Abstract
This article seeks to explore whether the EU system of fundamental rights protection allows
room for constitutional pluralism. By looking at recent developments in the case law of the
Court of Justice of the European Union (the Court of Justice), it is submitted that the Court
has answered that question in the affirmative, thereby respecting the diversity of the cultures
and traditions of the peoples of Europe as well as their national identities. The application
of the Charter does not rule out a cumulative application of fundamental rights. That being
said, pluralism is not absolute, but must be weighed against the indivisible and universal
values on which the European Union is founded.
Logically, the question that arises is how we order pluralism. In this regard, I shall argue that
it is not for the Court of Justice to decide when an EU uniform standard of fundamental
rights protection is to replace (or coexist with) national standards. That decision is for the
EU political institutions to adopt, since they enjoy the necessary democratic legitimacy to
determine the circumstances under which the exercise of a fundamental right is to be limited
for reasons of public interest.
However, this deference to the EU political branches does not mean that EU legislative
decisions are immune from judicial review. On the contrary, cases such as Schwarz and
Digital Rights demonstrate that the Court of Justice is firmly committed to examining whether
those legislative choices comply with primary EU law, and notably with the Charter.

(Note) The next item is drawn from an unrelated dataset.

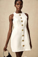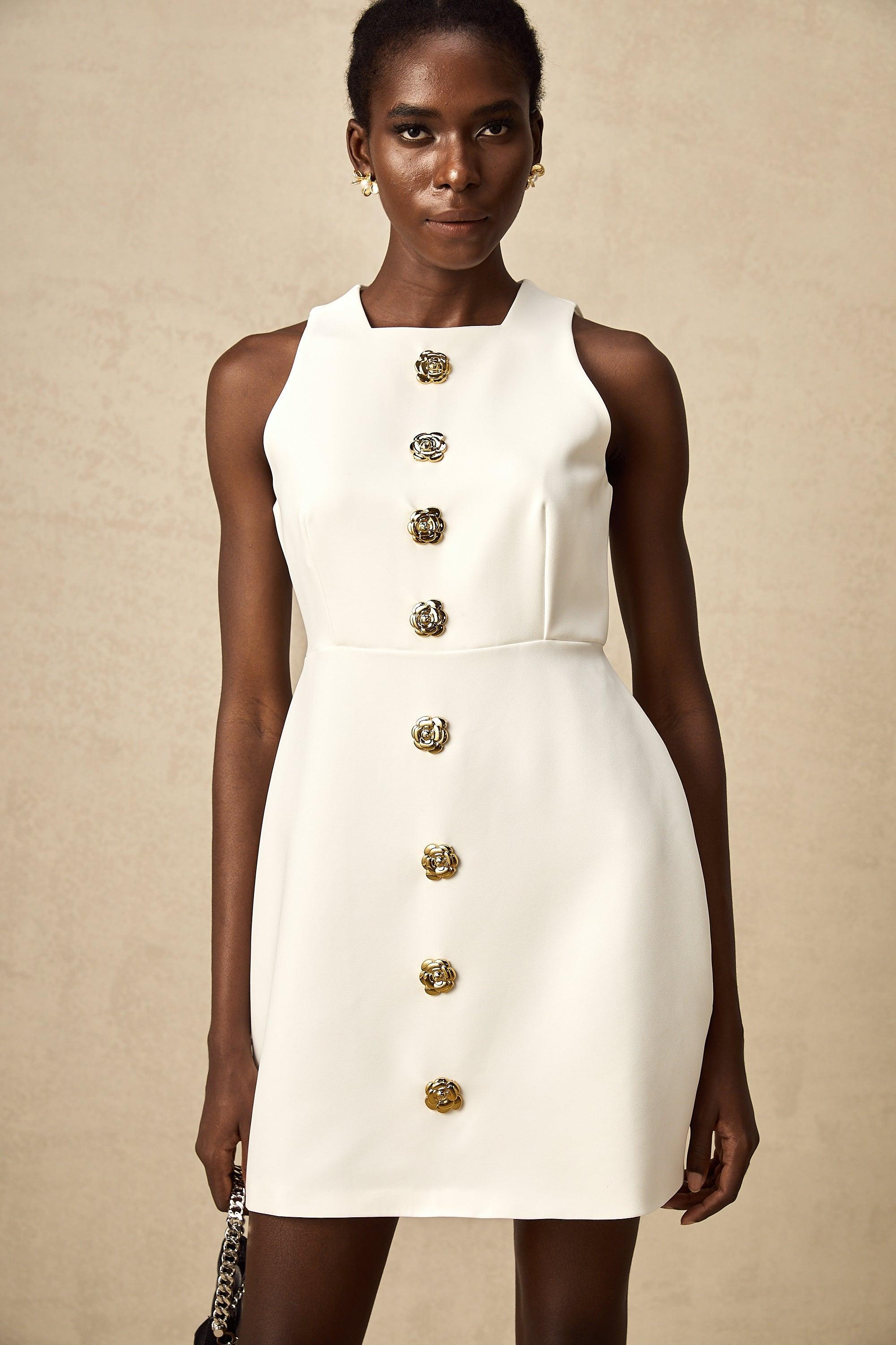 "Opulent Bloom" mini elbise, zarif kesimi ve göz alıcı altın gül detaylı düğmeleriyle sofistike bir şıklık sunuyor. Modern ve zarif bir görünüm arayanlar için mükemmel bir seçim. Hem resmi davetlerde hem de özel etkinliklerde stilinizi ön plana çıkarın.

In this regard, when interpreting the provisions of the Charter, the Court of Justice – in dialogue
with national courts and, in particular, constitutional courts – operates as the guarantor
of the rule of law within the EU, of which fundamental rights are part and parcel. It is thus
for those courts to make sure that each and every EU citizen enjoys a sphere of individual
liberty which must, as defined by the Charter, remain free from public interferences.